Vor Wut überschäumend schickte er seine Soldaten los, um Johannes zu verhaften. Er wollte ihm zeigen, wie es richtig geht. Aber man merkt, dass es ihm nicht wirklich leichtfiel, denn er wusste, dass Johannes von Gott gesandt war.
Später wurde Johannes auf Wunsch der Salome hingerichtet. Salome war die Tochter von Herodias und Herodes Antipas – also auch eine sehr unmoralische Verbindung. Salome tanzte vor dem König, und dieser wünschte sich ihretwegen das Haupt von Johannes dem Täufer, der zu der Zeit im Kerker saß.
Das war für Herodes sehr unangenehm. Eigentlich wollte er Johannes gar nicht töten, sondern nur mundtot machen. Doch schließlich wurde Johannes getötet. Wir lesen das in Matthäus 14,5-12.

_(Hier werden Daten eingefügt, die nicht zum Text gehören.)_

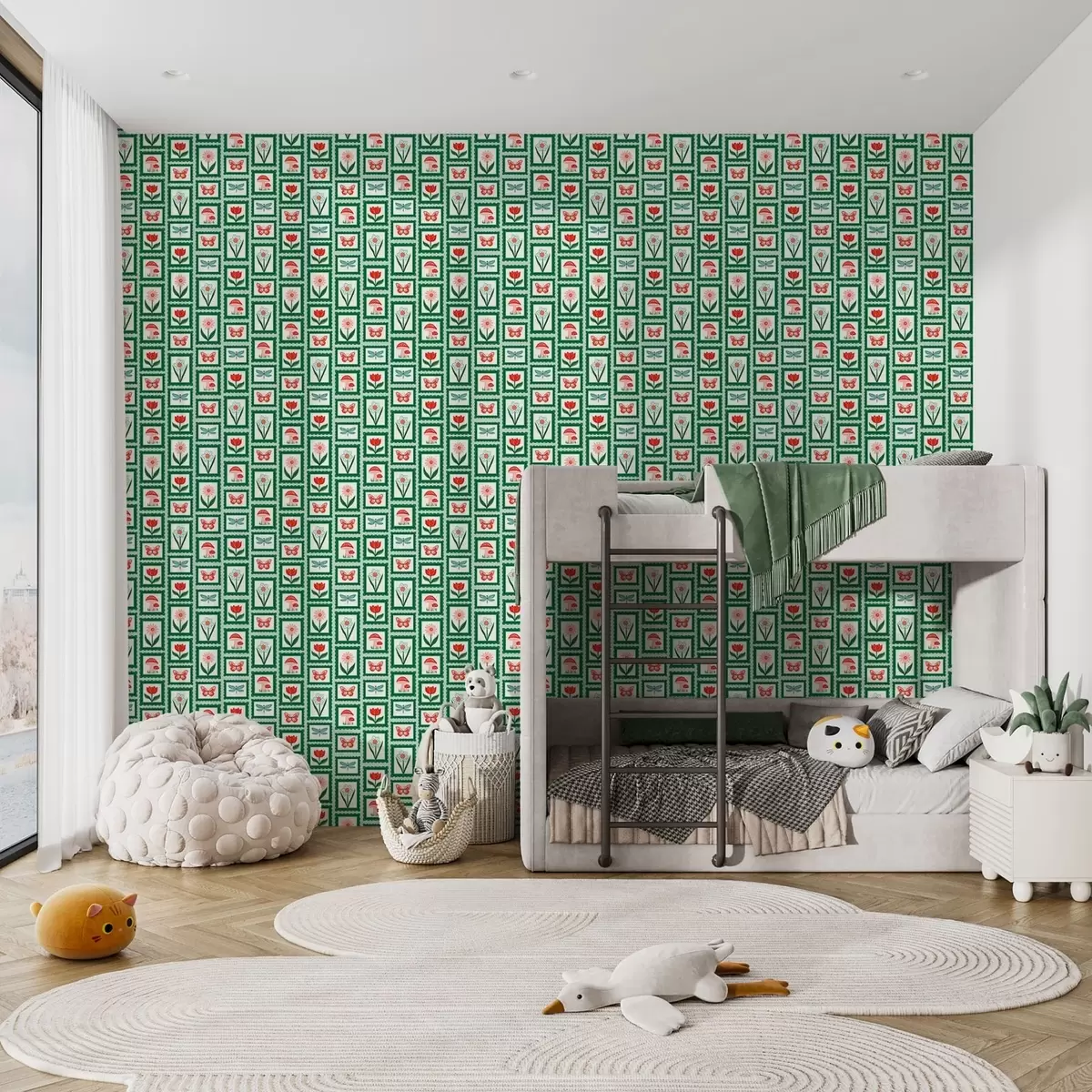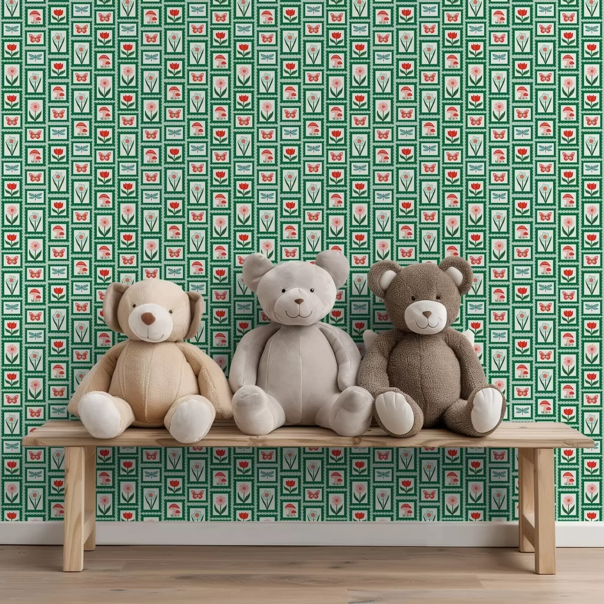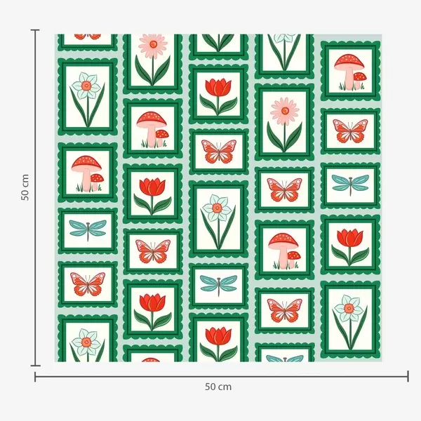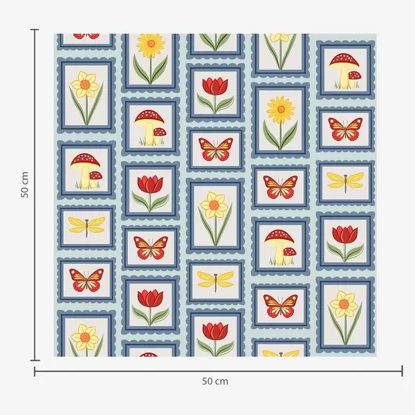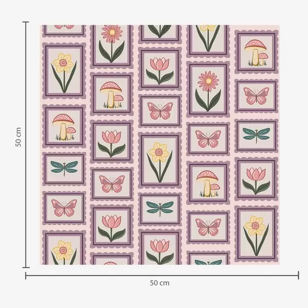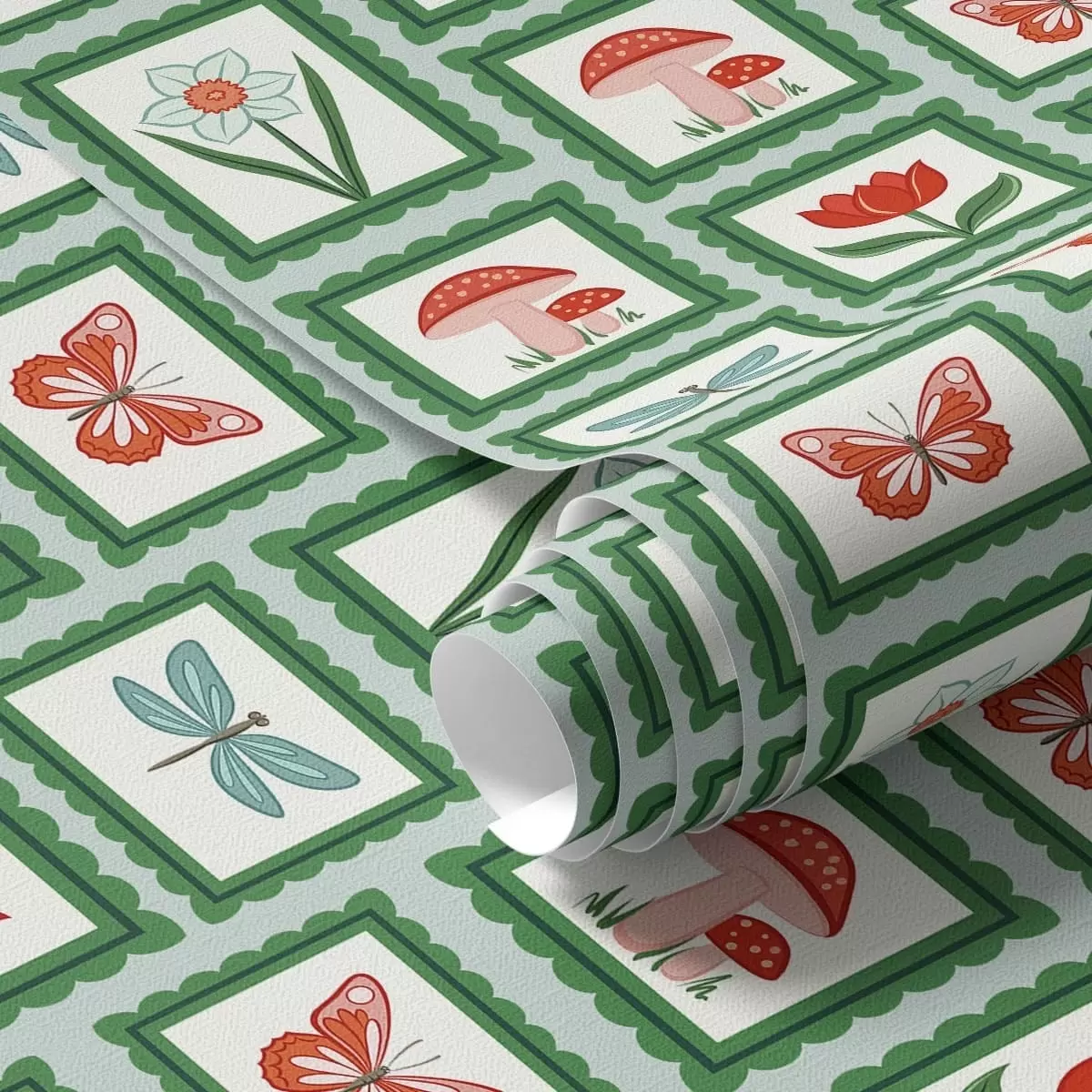 Ταπετσαρία Λουλούδια, μανιτάρια και πεταλούδες σε κορνίζα Nr. a01175
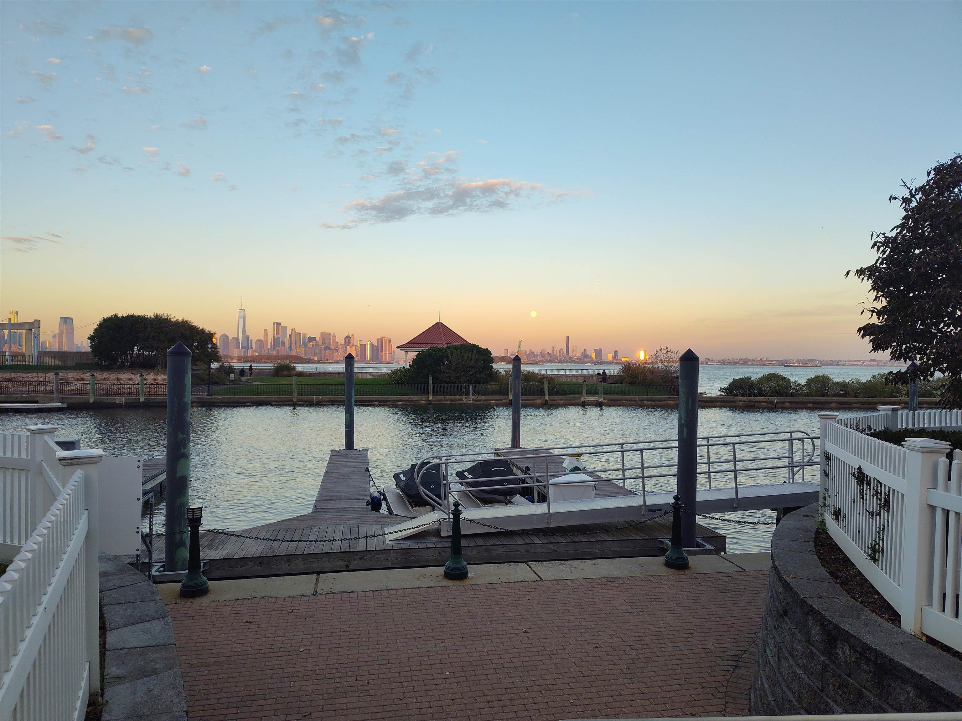 Privacy with golf course and city views from this top floor, 795 sq. ft, one bed, one bath, with balcony. Located on a quiet cul de sac in the private gated waterfront community of the Port Liberté condominium complex. Conveniences include washer/dryer in unit and smart lights & blinds. Onsite ferry to Wall Street and shuttle to Grove Steet PATH station. Assigned parking for one vehicle and ample street parking. Cooking gas and water included. Port Liberté condominium membership includes 24-hour on-site gated security, fitness center, swimming pools, tennis courts, basketball court, parks, clubhouse, dog park, playground and canal with boat slips for hire/rent. Photos taken previously.
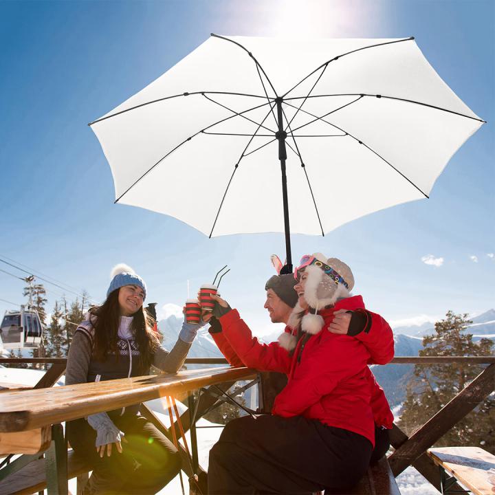 Moderner Sonnenschirm mit Gestell in Titan-Finish und Knickvorrichtung
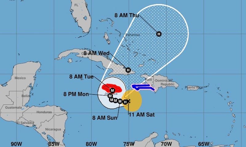 Jamaica, directly in Melissa’s path, is the red portion of the accompanying graphic, courtesy of the Florida-based National Hurricane Center.
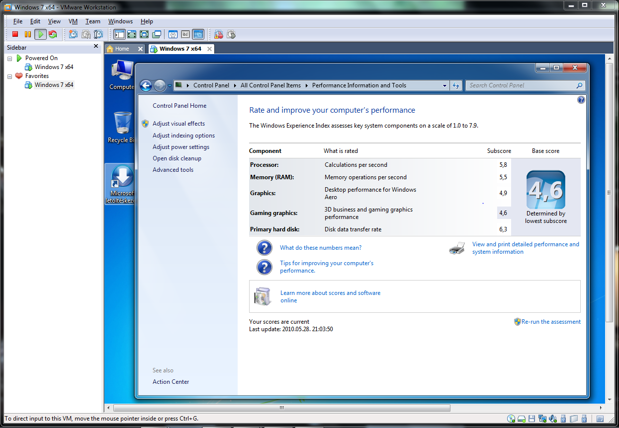 - 64 bites Windows 7-tet használok egy kétmagos, VT Ready Intel P8700 -as processzon, 4 GB memóriával (ha számít).
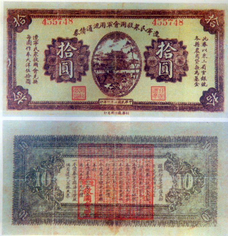 [图文]辽宁民众救国会军用流通债券   10元         ★★★
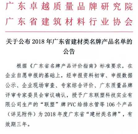 12月19日,广东卓越质量品牌研究院与广东省建材行业协会联合发布《关于公布2018年广东省建材类名牌产品名单的公告》,根据《广东省名牌产品评价指南》标准要求,在企业自愿申报的基础上,经申报资料初审、申报数据公示、企业现场审查、专家综合评价、广东质量品牌评审专家委员会审议确认,授予广东联塑科技实业有限公司生产的 “联塑”牌PVC给排水管等106个产品为2018年度广东省建材类名牌,有效期三年。
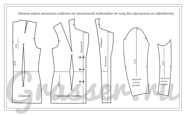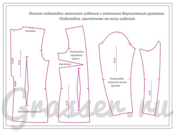 — Детали подкладки это производные лекала, которые строят по основным лекалам из подкладочной ткани. В массовом производстве лекала подкладки конструируются сразу и входят в комплект лекал. В индивидуальном пошиве лекала подкладки не конструируются заранее. Подкладка подкраивается по деталям верха после проведенной примерки и внесенных изменений. Очень часто детали подкладки конструируются по лекалам верха, которые уже имеют припуски, соответственно и лекала подкладки сразу имеют припуски на обработку. Чтобы новички не запутались, данные схемы даны без припусков на обработку швов.

Nach diesem Ereignis quälte Herodes ein schlechtes Gewissen bis zu seinem Lebensende. Er starb kurz nach Jesus. In Markus 6,16-17 erfahren wir, dass Jesus ihm erschien. Herodes hatte große Angst und dachte, Jesus sei Johannes der Täufer, der von den Toten auferstanden sei.
Hier zeigt sich zum ersten Mal seine abergläubische Vorstellung und seine tiefe Angst, weil er sich gegen Gott versündigt hatte. Offenbar gab es für ihn kein Zurück mehr.
Für uns gibt es jetzt auch kein Zurück mehr. Wir sind am Ende unseres Abschnitts angekommen.
In der nächsten Stunde, also morgen, werden wir uns endgültig vom Alten Testament verabschieden und ins Neue Testament eintauchen. Johannes, der alttestamentliche Prophet, übergibt das Zepter an Jesus.
Das nächste Mal lesen wir vom Auftreten Jesu in Kapernaum, in Kapitel 4, Vers 31.
An dieser Stelle lasse ich euch nun eure Wege gehen.